In practice, he sounds somewhere between those two poles, falling closer to Tim Hecker or Philip Jeck but working under different constraints. Honig sets his mass culture sound objects to rhythm, splicing his sound samples against chunky water-wheel kick drums and coughing accents to create intensely organic tracks that sound like they might crumble apart like a six-year old cheddar if you try to listen too hard. There are hints of the Books, but without the drawn-out pop pedantry (which isn’t quite a criticism); there are skirmishes with the more straightforward microhouse of Kompakt artists, though but Honig isn’t trying to set a dance floor ablaze. Instead, a track like “Homemade Debris” simply spirals eloquently over a placid beat, with blustery, expansive piano glaze surrounding the fumbles and skiffles of the source material: it could be woodwork, or teeth care, or walking on a uneven deck. What those samples are doesn’t matter so much as the vitality their bustle evokes, or, in contrast, the juxtaposition their absence creates over the track’s second half as the chords slow down and dissipate.
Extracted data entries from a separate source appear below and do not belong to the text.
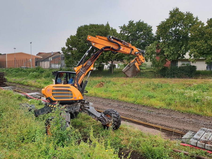 Compacteur pour stabiliser la basse de la nouvelle voie ainsi que le ballast au niveau de Dambach-la-Ville
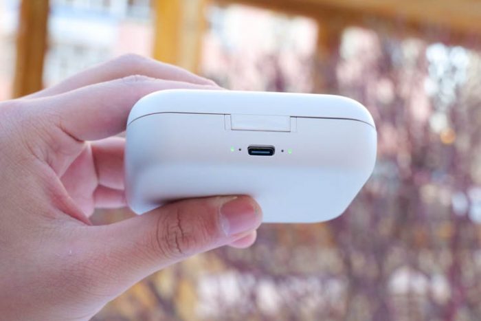 充电仓是磁吸的天地盖结构,耳机也是磁吸的,不会轻易掉出来。充电仓背面是Type-C充电接口,旁边还有两颗LED指示灯,可以依据电量不同显示不同颜色。
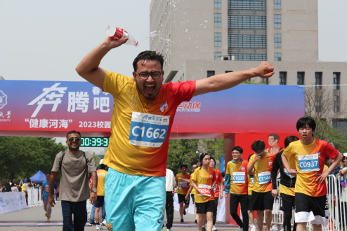 此次,全校共有2000名中外学生参赛,其中留学生140余名。旭日的阳光碰撞上春日翠绿的校园,各位选手都摩拳擦掌,蓄势待发。随着发令枪清脆的声音响彻舞台,中外选手在赛道上一起逐力奔跑,共显河海之魂。
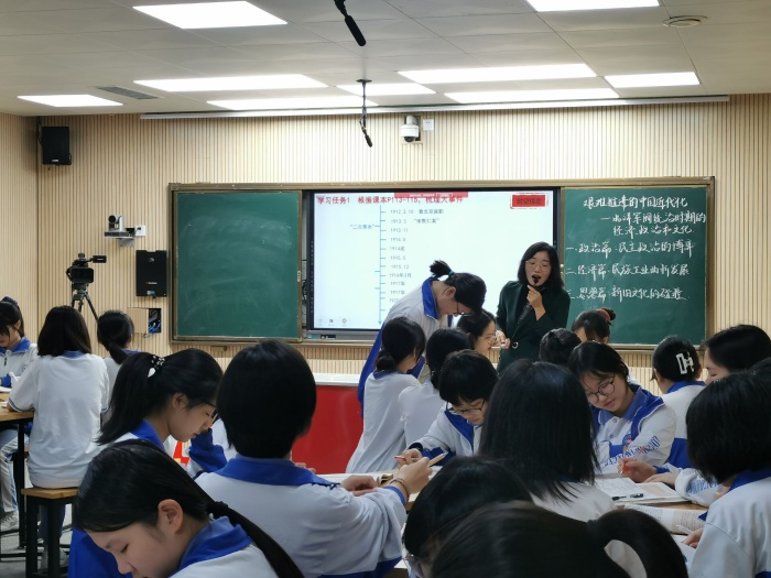 为推动问题情境式课堂改革和提升工程20.研修落地,充分发挥骨干教师的示范带动作用,中山市龙山中学于2022年5月中旬开展骨干教师示范课活动。中山市龙山中学高二年级历史科组李义娟老师给大家呈现了题为《艰难推进的中国近代化——北洋军阀统治时期的政治、经济、文化》的精彩课程。

Other tracks repeat the same trick, which means that while Scattered Practices is an undeniably pleasant slice of melancholy, and the process is both interesting and well-developed, the sound overall is fairly uniform. Indeed, while the process is apparently influenced by Michel de Certeau’s book The Practice of Everyday Life (1974), where Certeau argues that individuals transform and personalize their everyday environments, the environment on Scattered Practices is composed of precious few sounds, meaning that the diversity here comes with how Honig approaches his palette, rather than the size of the palette itself. Both parts of “Fractures & Fissures” are more skittish than “Homemade Debris”; “Concrete & Plastic” is more upbeat and mutates itself through more complex keyboard figures; “Oceans & Living Rooms” spirals back and forth between beat-driven sadness and sighing misery; each track is a different take on the central idea of the album, which makes this incredibly strong conceptually but less exciting in execution.

Which is not to say that Scattered Practices is a bad album by any means. It’s marked by thoughtful and lovely compositions throughout, and Honig’s sense of space and motion is incredibly well developed. I suspect that for many individuals less familiar with experimental minimalism and ambient work it would make a fine introduction given the warmth and wealth of melody to be found.